Set the listing down again in full, word for word, with the pictures left out.

__Dataset section__:

┄┄┄┄┄┄┄┄┄┄┄┄┄┄┄┄┄┄┄┄

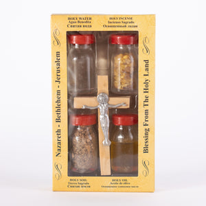 1 Set 4 Elemente Sfinte din Țara Sfântă + Crucifix din lemn de măslin
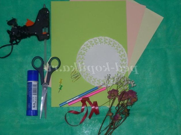 - дрібні канцелярські приладдя для декорування листівки (скріпки, кнопки, гумка тощо),
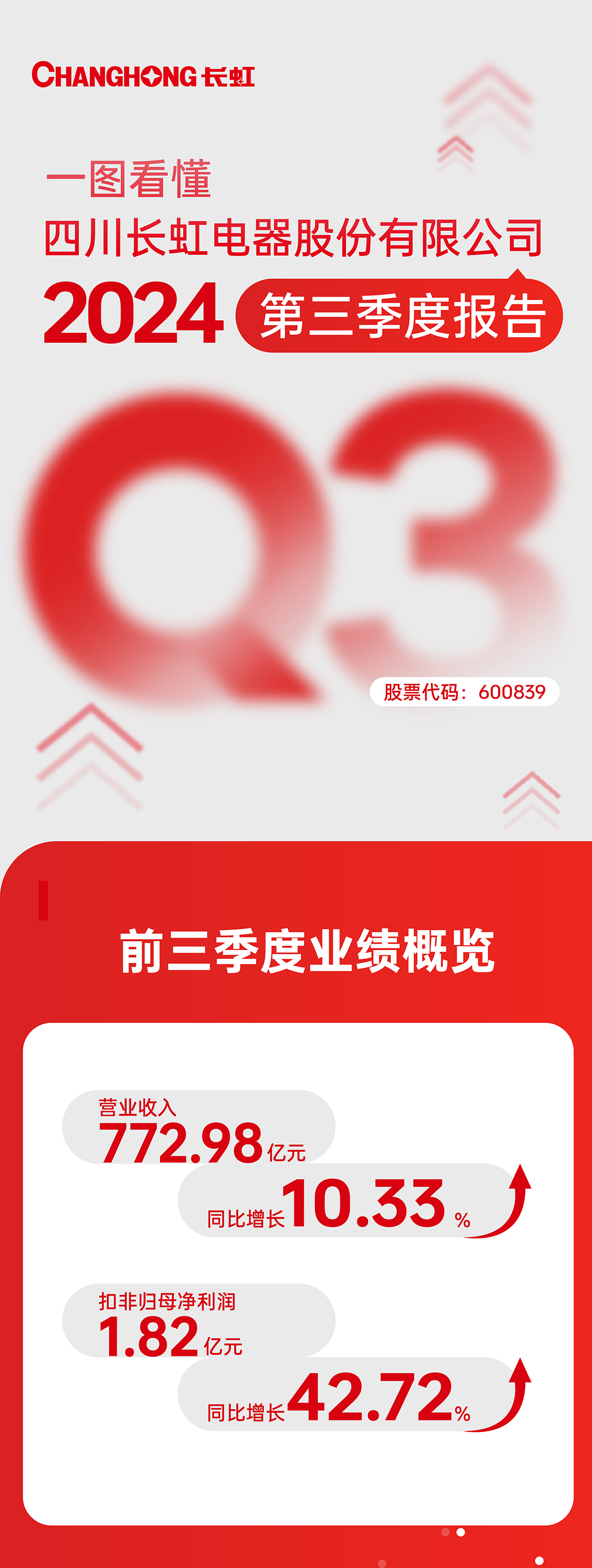 四川长虹前三季度:扣非归母净利润同比增长42.72%
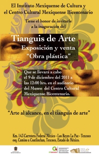Con la finalidad de promover la creación de los artistas locales y al mismo tiempo impulsar su labor, el Instituto Mexiquense de Cultura, con el apoyo del Consejo Nacional para la Cultura y las Artes, realiza el primer Tianguis de Arte en el Centro Mexiquense Bicentenario en la comunidad de Texcoco.

┄┄┄┄┄┄┄┄┄┄┄┄┄┄┄┄┄┄┄┄

__Written answer__:
 1 Set 4 Elemente Sfinte din Țara Sfântă + Crucifix din lemn de măslin
 - дрібні канцелярські приладдя для декорування листівки (скріпки, кнопки, гумка тощо),
 四川长虹前三季度:扣非归母净利润同比增长42.72%
Con la finalidad de promover la creación de los artistas locales y al mismo tiempo impulsar su labor, el Instituto Mexiquense de Cultura, con el apoyo del Consejo Nacional para la Cultura y las Artes, realiza el primer Tianguis de Arte en el Centro Mexiquense Bicentenario en la comunidad de Texcoco.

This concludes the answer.